What happens to your emotions when you stop drinking?

"Alcohol withdrawal is a marathon, physically, mentally and emotionally." explains Dr. Jordan Spencer, DO. “In the first few days/weeks after withdrawal, a person will generally pass all of these categories. You feel exhausted and tired and have little motivation to do almost anything. They're also often now missing a key coping mechanism they've used for stress (alcohol) over the years, and even the "little" things can feel like mountains to climb."

However, it's not all challenging emotions. Getting sober can feel like a relief and you can experience high emotional highs in early sobriety, also known as the pink cloud. According to the American Centers on Addiction, these extreme effects can also be dangerous because they can make peopleOverconfident in their recovery, they refuse to do the things that will help them maintain their sobriety. Nothing lasts forever and falling out of the pink cloud and back to reality can lead to disappointment and hopelessness, increasing the risk of relapse.

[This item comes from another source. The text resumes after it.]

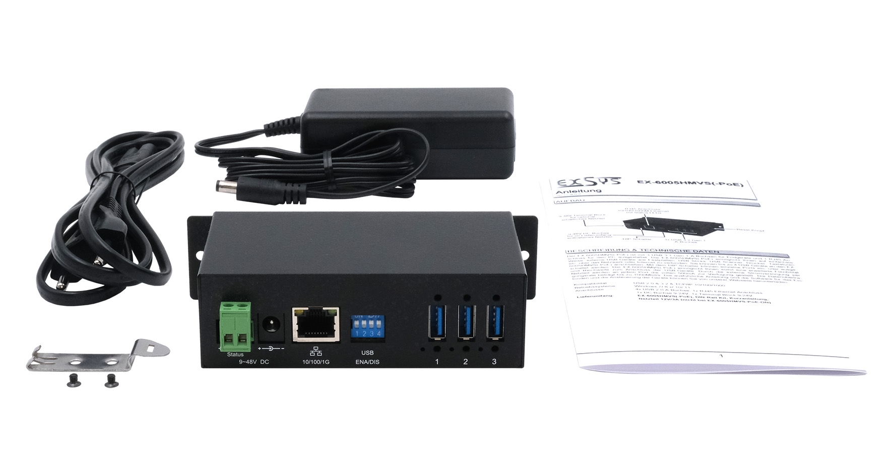 EX-6005HMVS, Netzteil 12V/3A, DIN-Rail Kit, Kurzanleitung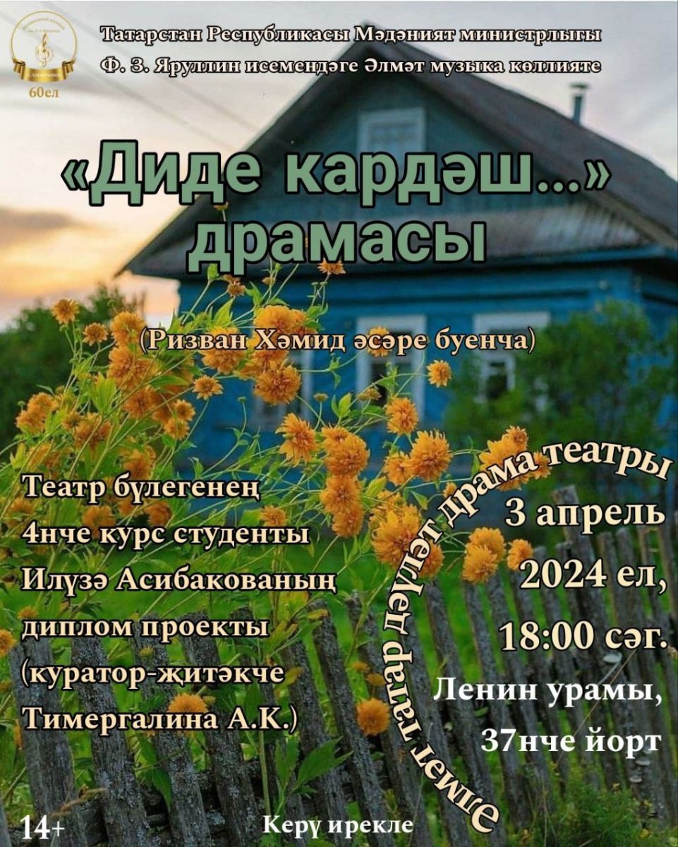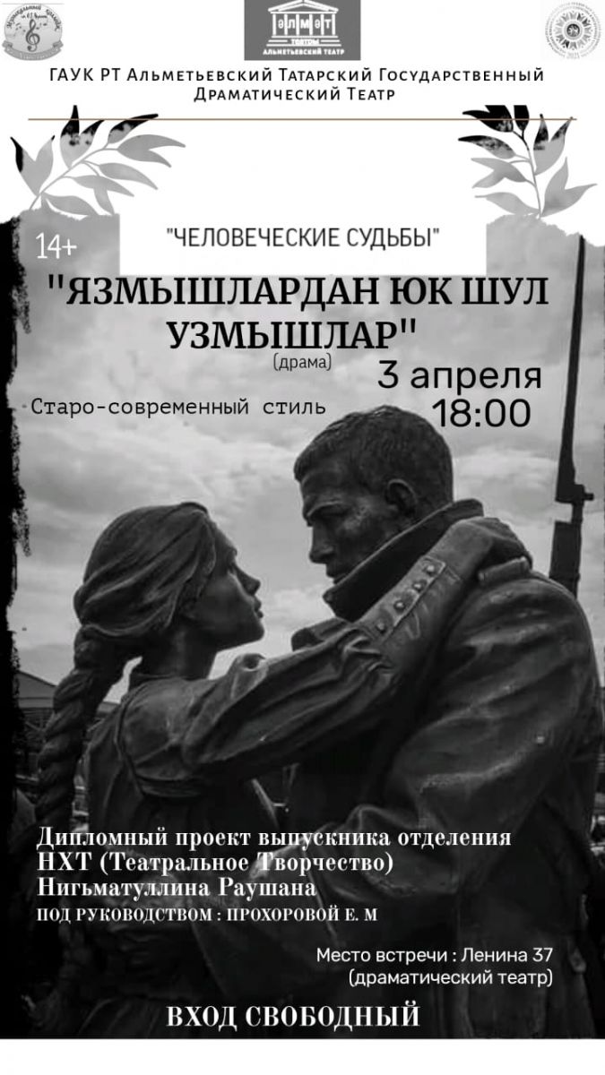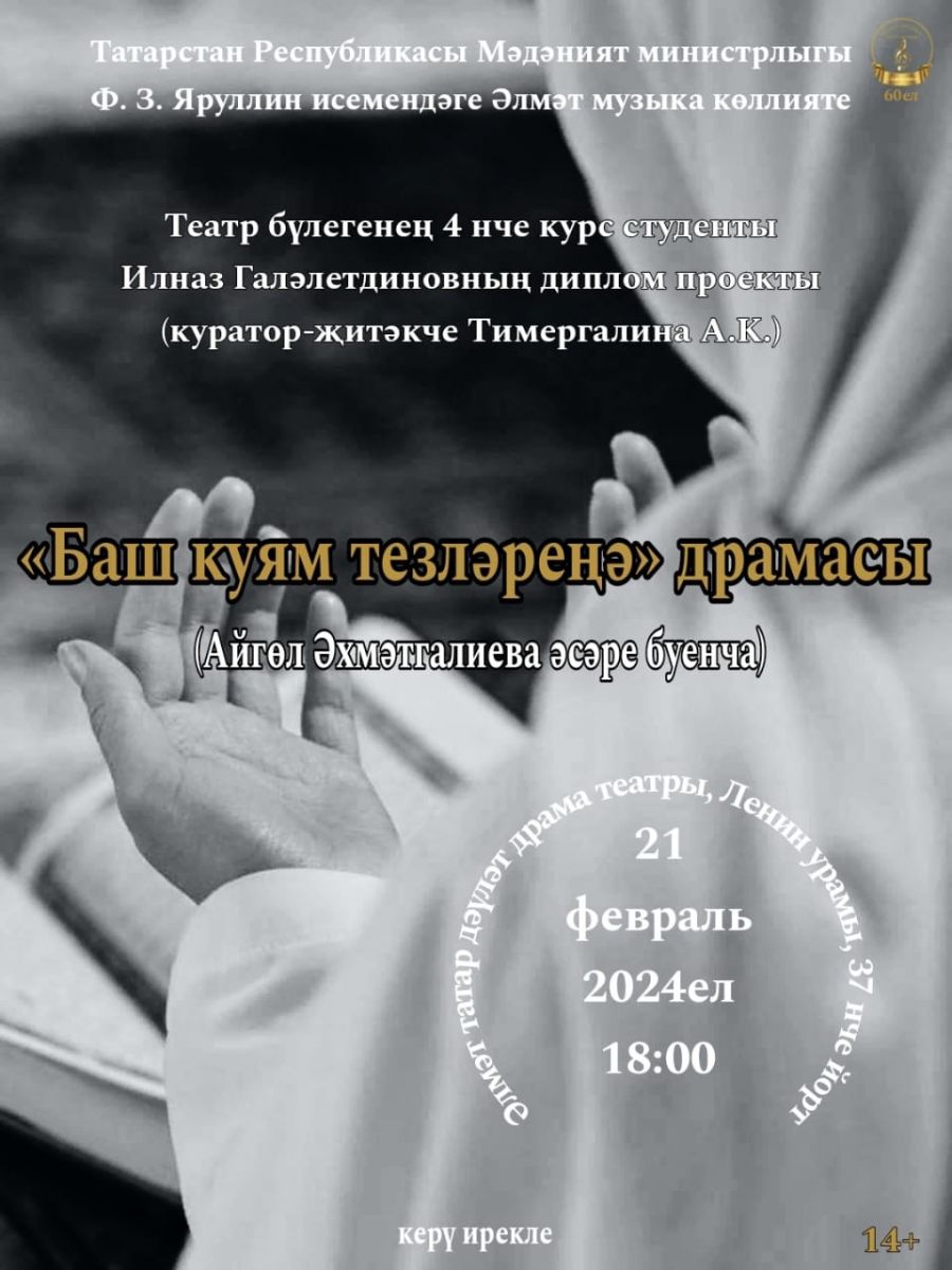 21 Февраля 2024 г. в 18:00 - Показ дипломного спектакля "Баш куям тезләреңә" АФИША

To a certain extent, alcohol is a way of coping with or forgetting about life's problems; So once someone has been through withdrawal and has become sober, the only way to stay away from alcohol is to identify underlying needs and find healthy solutions. Alternatives to their management. shares dr James Davidson, MBchB Physician in Internal Medicine and Founder of MedCourse. "First, there is a high emotional cost to this, and the recovery journey is a process of discovering who you really are."

How to get help

Detoxification and withdrawal typically takes 2 to 7 days and is done at a hospital or inpatient treatment center, according to the Mayo Clinic. Wait.